There's an existential thing going on here as well that we seem to really shy away from - that digital information has a physicality, and it's also subject to the same forces of decay as everything else that has a physical form, even when it's in the cloud and when it's someone else's problem.

So that led me to thinking about the informal archive that we're all creating versus the formal discipline of archiving. When you think of an archive you tend to think of something quite formal, like in a library backroom with a lot of folders and things like that - a nd then we've got this informal mass archive that we are just all carrying around with us.

So formal archives, they're contextualised, they're learned, they're studied. They have someone whose job it is to know them. And they're also usually removed in time, temporally removed from the person whose artifacts they are.

They're not used to inform the relationships that person has in real time. But informal archives, the kind we're all making every time we breathe online. They're dormant - they're not accessed very often and we don't have a relationship with the information that's in them. They're decontextualised, they're not among things that make sense for them to be around. And they're still semi-public in the way that a formal archive might be. In fact, they're more easily accessed a lot of the time. A lot of them are on profile pages. So then you have yourself as a living subject of an extremely public archive, which is treated by others almost the same as if it's a formal, historical, archive - and it's not just others that interact with that public, incidental, unexamined vision - it's ourselves. It's fed back to us at random, it's fed back to us with auto-generated slideshows in widgets, on our phone in TimeHop memories and roundups of what we did last year. It creates a kind of performed self, which is treated as though it's the whole and it encourages others to see us that way too.

Bearing all that in mind. I wanna talk a bit about the activating moment of the screenshot as a method of legitimising something, committing it to record and choosing to save it. That's a moment of agency. When you take a screenshot, you've seen something that's important enough. It's crossed that threshold that you not only want to keep it, but you want to know where it is. It, it reached something in you that makes the ongoing automated collection no longer sufficient for this kind of recollection, and you wanna put a flag in the ground at that point in time and be able to step back inside it - either because it's important to other people or because it's important to you. So expiry based platforms like Snapchat really attract this method of activation. They encourage the natural curation-of-memory behavior, and clearly there's something there that's really important to us.

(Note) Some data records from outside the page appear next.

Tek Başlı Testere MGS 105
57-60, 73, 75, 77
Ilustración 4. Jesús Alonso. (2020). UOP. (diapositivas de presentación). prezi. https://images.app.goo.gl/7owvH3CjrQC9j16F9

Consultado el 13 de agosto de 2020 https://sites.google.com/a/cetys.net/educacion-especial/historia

There's obviously privacy concerns when something expected to be transient can be saved by others. So, they implemented a notification system and we immediately created workarounds to circumnavigate those notifications. So there's a couple of questions that, that raises for me. Why is it so painful to have something that we thought would be transitory legitimised in this way, but also why go to such lengths to memorialise and preserve things, even in spite of this, even if it could betray the trust of the person that you're talking to?

I think this is very linked to the ways in which what we choose to save - our externalised memory - contributes to our image of self. If something is formative, but also fleeting, we'll try and capture it. You'll try and get that photo, that snippet of video, that voice memo - you'll try and save it in some way.

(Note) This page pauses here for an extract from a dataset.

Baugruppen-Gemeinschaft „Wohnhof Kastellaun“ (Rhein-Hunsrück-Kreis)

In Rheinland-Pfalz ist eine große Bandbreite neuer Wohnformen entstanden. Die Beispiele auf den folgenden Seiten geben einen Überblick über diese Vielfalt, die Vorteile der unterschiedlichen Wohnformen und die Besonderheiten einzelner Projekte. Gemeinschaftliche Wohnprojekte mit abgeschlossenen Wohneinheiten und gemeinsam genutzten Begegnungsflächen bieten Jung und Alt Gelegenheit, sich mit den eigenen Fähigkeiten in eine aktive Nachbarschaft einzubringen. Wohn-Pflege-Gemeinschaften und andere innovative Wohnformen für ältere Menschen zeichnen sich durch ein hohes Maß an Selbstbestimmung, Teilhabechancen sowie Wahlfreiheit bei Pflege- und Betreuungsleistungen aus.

And humans only have so much capacity to remember. We always want to be supporting that and augmenting that. And in theory, what we choose to preserve becomes safe, a kind of highlight reel, but in practice when we're saving so much without thinking, it really clouds our ability to discover and recall and properly sort our collected and collective memory. It impedes our ability to understand and learn from the past.

So, the big question, what would it be like if all personal data had some kind of expiry date? we've already touched on some services that try and implement this already. We've got Snapchat, we've got disappearing messages on quite a lot of services, now. We've got iMessage audio files that disappear after two minutes. Unless you choose to keep it forever - which also acknowledges that audio files are both conversational and transient in that aspect, and quite large files. And we have stories on a number of platforms, but they're most typically linked to Instagram - but with stories they don't fully disappear - they're removed from public view, but they're still kept in your archive. And when it comes to the performance of the self and the construction of the self for others, I think that's really, really useful. But when it comes to understanding ourselves through our saved memories, I don't think it really gives us anything to have just another mass unsorted archive.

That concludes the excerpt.